- _INSTRUCTIONS FOR THE TASK_
Your job is to give again, exactly and with no additions, the lines in the records below from the one with "Exclusivo apartamento de" through the one with "Бусины-Разделители Нержавеющая Сталь", both included. Omit the pictures.

- _DATA_
↓↓↓

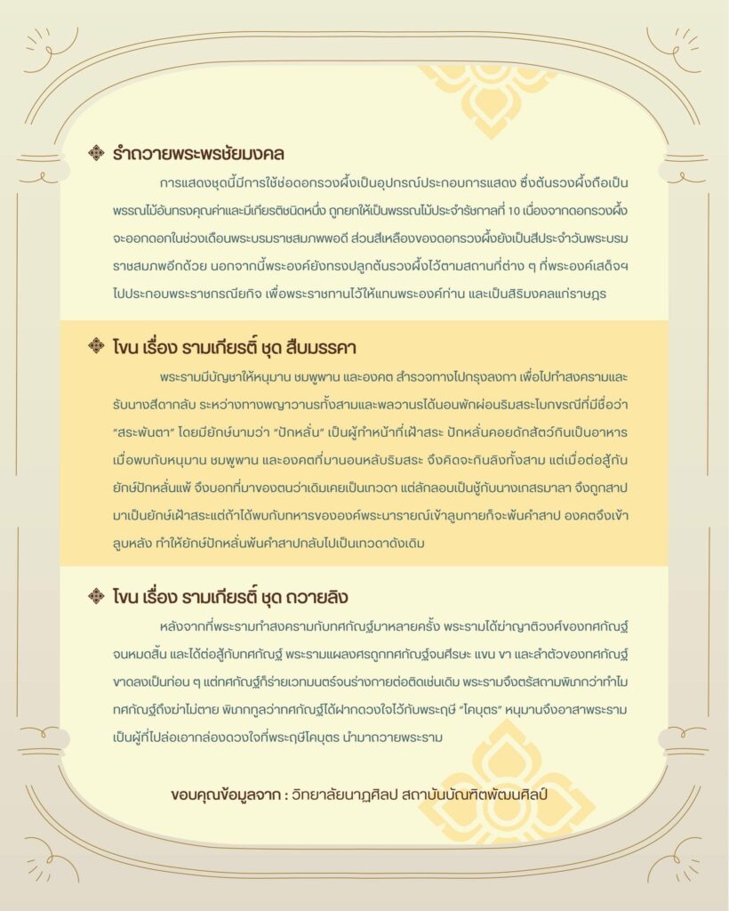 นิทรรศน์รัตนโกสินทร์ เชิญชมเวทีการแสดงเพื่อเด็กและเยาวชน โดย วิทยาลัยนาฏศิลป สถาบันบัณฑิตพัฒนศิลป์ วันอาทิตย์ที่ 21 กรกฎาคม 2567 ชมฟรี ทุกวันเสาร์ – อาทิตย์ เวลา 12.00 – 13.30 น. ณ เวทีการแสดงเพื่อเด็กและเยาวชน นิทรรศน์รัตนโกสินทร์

↑↑↑
↓↓↓

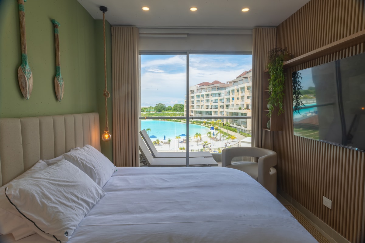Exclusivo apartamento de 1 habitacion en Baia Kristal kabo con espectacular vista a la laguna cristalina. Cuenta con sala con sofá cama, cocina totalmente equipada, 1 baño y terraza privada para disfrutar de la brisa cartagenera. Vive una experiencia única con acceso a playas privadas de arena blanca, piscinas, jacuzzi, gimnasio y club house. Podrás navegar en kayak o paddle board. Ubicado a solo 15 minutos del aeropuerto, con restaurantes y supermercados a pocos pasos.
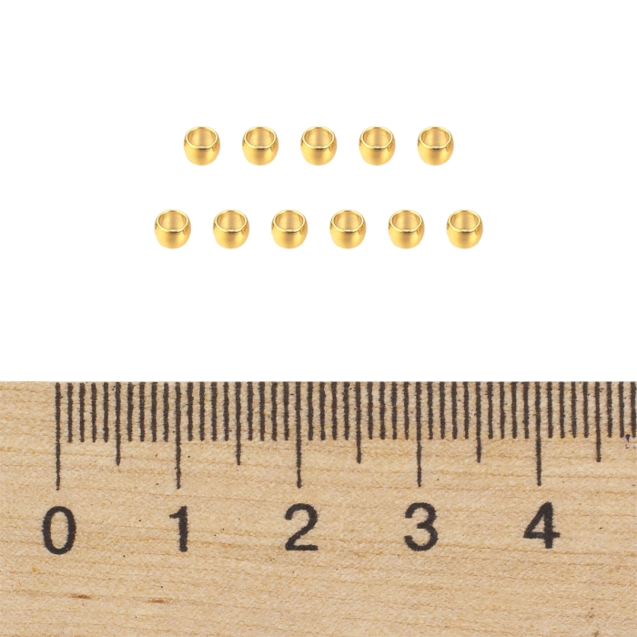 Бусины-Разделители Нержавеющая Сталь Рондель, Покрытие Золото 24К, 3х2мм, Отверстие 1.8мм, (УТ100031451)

↑↑↑
↓↓↓

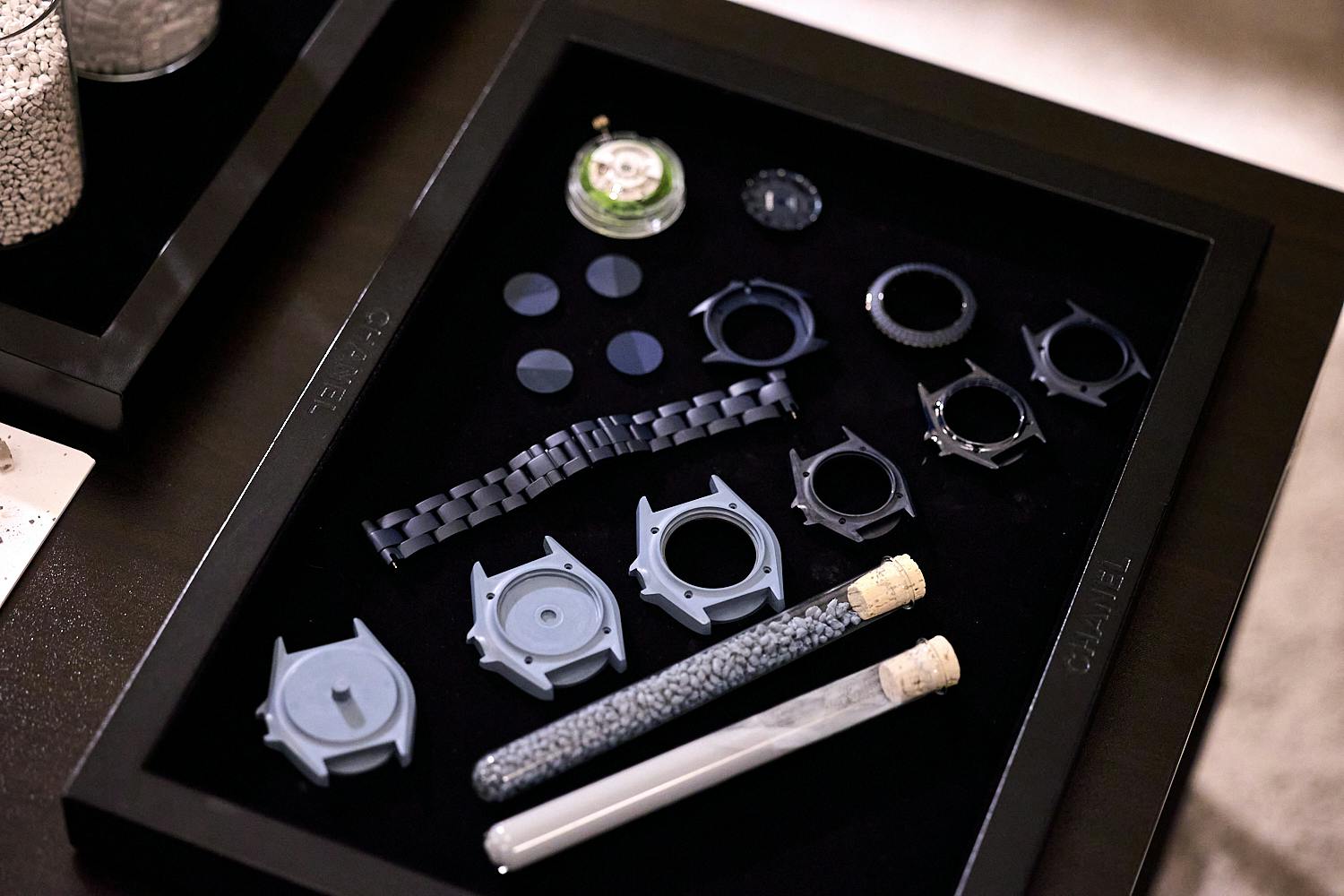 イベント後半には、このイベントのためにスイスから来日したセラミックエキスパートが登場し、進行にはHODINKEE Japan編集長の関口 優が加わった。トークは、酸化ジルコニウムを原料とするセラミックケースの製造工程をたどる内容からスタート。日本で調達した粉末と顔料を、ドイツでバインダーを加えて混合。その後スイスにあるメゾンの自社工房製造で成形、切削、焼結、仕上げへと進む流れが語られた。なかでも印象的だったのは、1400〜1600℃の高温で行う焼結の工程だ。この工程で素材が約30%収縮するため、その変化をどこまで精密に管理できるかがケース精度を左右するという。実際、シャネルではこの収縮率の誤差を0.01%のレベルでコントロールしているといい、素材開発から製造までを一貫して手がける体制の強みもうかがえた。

↑↑↑

- _EXERCISE SOLUTION_
Exclusivo apartamento de 1 habitacion en Baia Kristal kabo con espectacular vista a la laguna cristalina. Cuenta con sala con sofá cama, cocina totalmente equipada, 1 baño y terraza privada para disfrutar de la brisa cartagenera. Vive una experiencia única con acceso a playas privadas de arena blanca, piscinas, jacuzzi, gimnasio y club house. Podrás navegar en kayak o paddle board. Ubicado a solo 15 minutos del aeropuerto, con restaurantes y supermercados a pocos pasos.
 Бусины-Разделители Нержавеющая Сталь Рондель, Покрытие Золото 24К, 3х2мм, Отверстие 1.8мм, (УТ100031451)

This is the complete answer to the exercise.